Review https://www.globus.org/researchers/getting-started for a step by step guide on how to get a Globus Online Account and to start transferring files.

The following are the basic steps for getting started using Globus Online with WVU DTN Servers.

Access Globus Online Web Portal

  1. Go to http://www.globus.org with your web browser and select “Sign Up” if you do not already have access to Globus Online. If you already have access, select Log in in the upper right hand corner.
  2. Search for your organization which will be “West Virginia University” and select “Continue”.
  3. Select “West Virginia University” at the Identity Provider on the CiLogon Page and select “Log On”.
  4. You will now be redirected to WVU’s Sign on Page. Here you will enter you WVU Logon information and select “LOGIN”.
  5. You should now be successfully logged into Globus Online and ready to transfer file.
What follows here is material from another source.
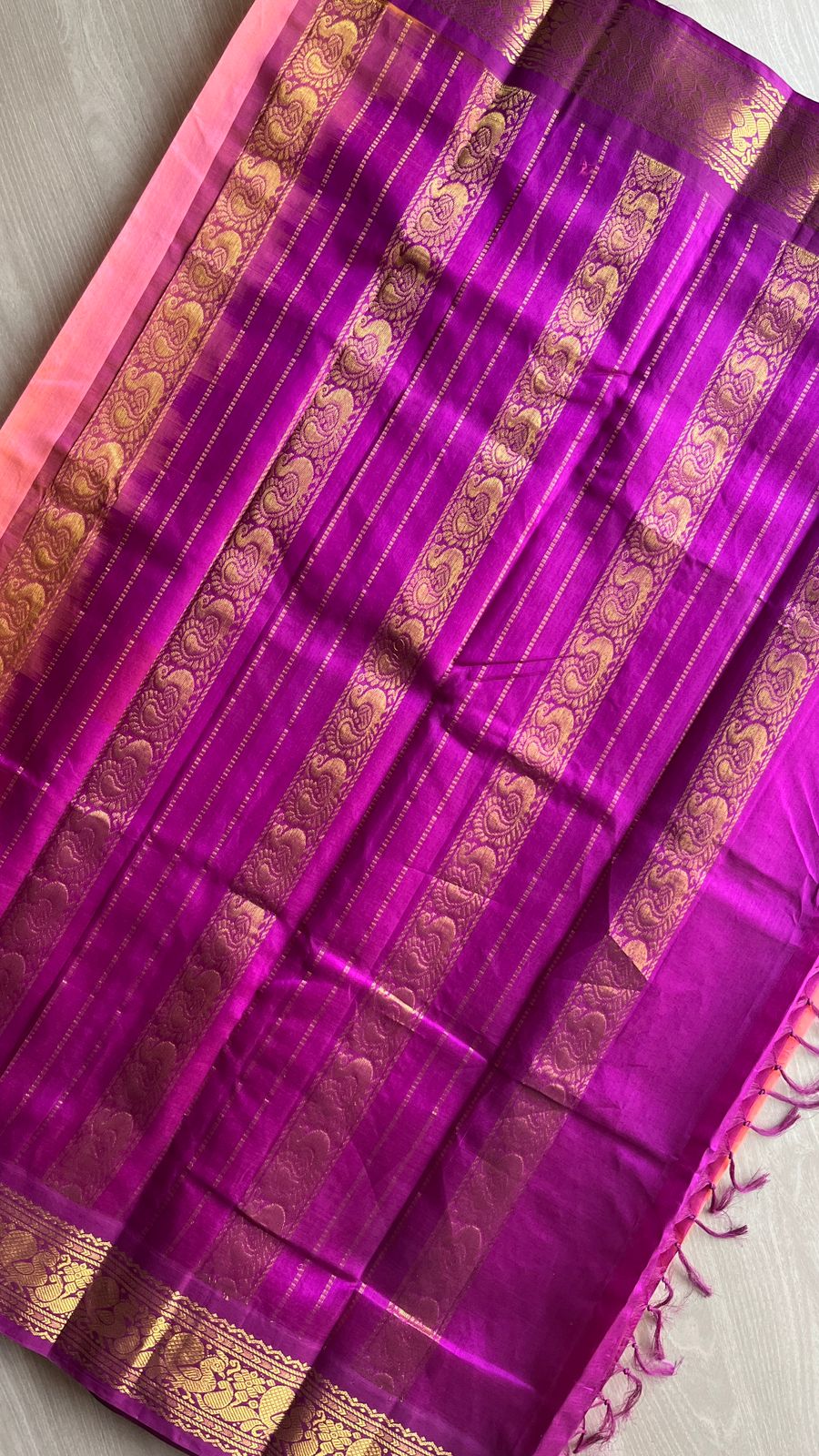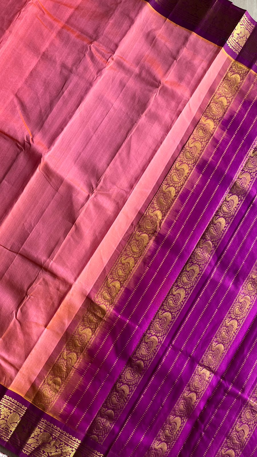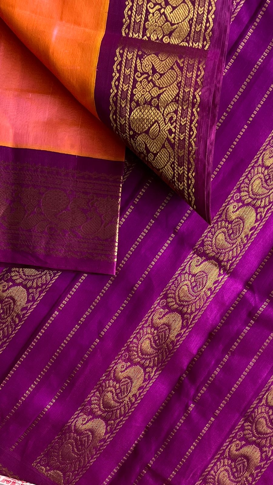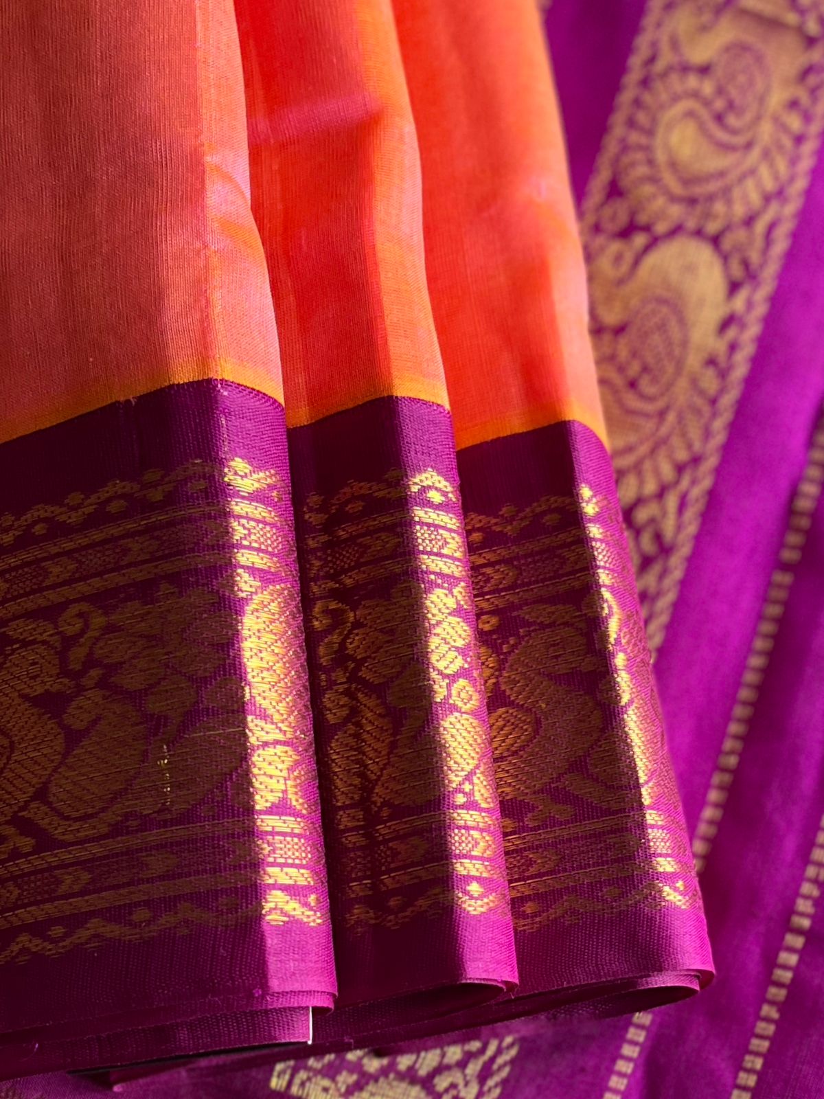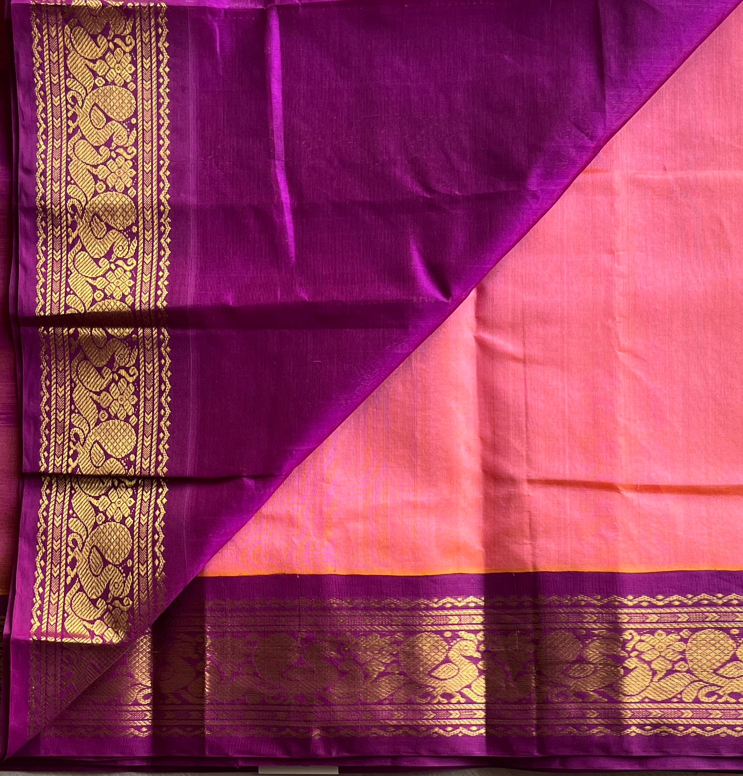 Silk Cotton Saree with Contrast Korvai Border

Transfer Files with Globus Online

  1. To transfer files to/from your local PC/workstation you need to install Globus Connect Personal. Please visit https://www.globus.org/globus-connect-personal and under “Downloads” select the version that matches your operating system. The next page will guide you through the process of installation. If you just need to transfer data between the WVU’s HPC center and another location that uses Globus Online you may skip this step.
  2. Go to https://www.globus.org/xfer/StartTransfer to start the process of transferring files.
  3. On the “Transfer Files” Page there will be a section for two endpoints. Each “Endpoint” can be be used to transfer files to and from the Endpoint to the other Endpoint. For WVU’s DTNs you will search for “wvu#hpcdtn”.
  4. If you are using an endpoint that is not managed by WVU, you will be presented with the following request: “Please authenticate to access this endpoint”. Select “Continue” if you wish to continue.
  5. A CiLogon page will be presented where you can select the appropriate Identity Provider for this endpoint. After you make your selection, please select “Logon On”.
  6. You should now be presented with a login page from your Identity Provider.
  7. On the WVU DTN Endpoint, your default file location will be /gpfs. You can transfer directly to/from your home directory, group directory, or scratch directory by selecting the desired path in the “Path” section.
  8. By using selecting the file to transfer and use the arrows you should now be able to transfer files between end points. You should receive an email when your transfer completes or if there are errors. You can also monitor the transfer under the “Activity” section/tab.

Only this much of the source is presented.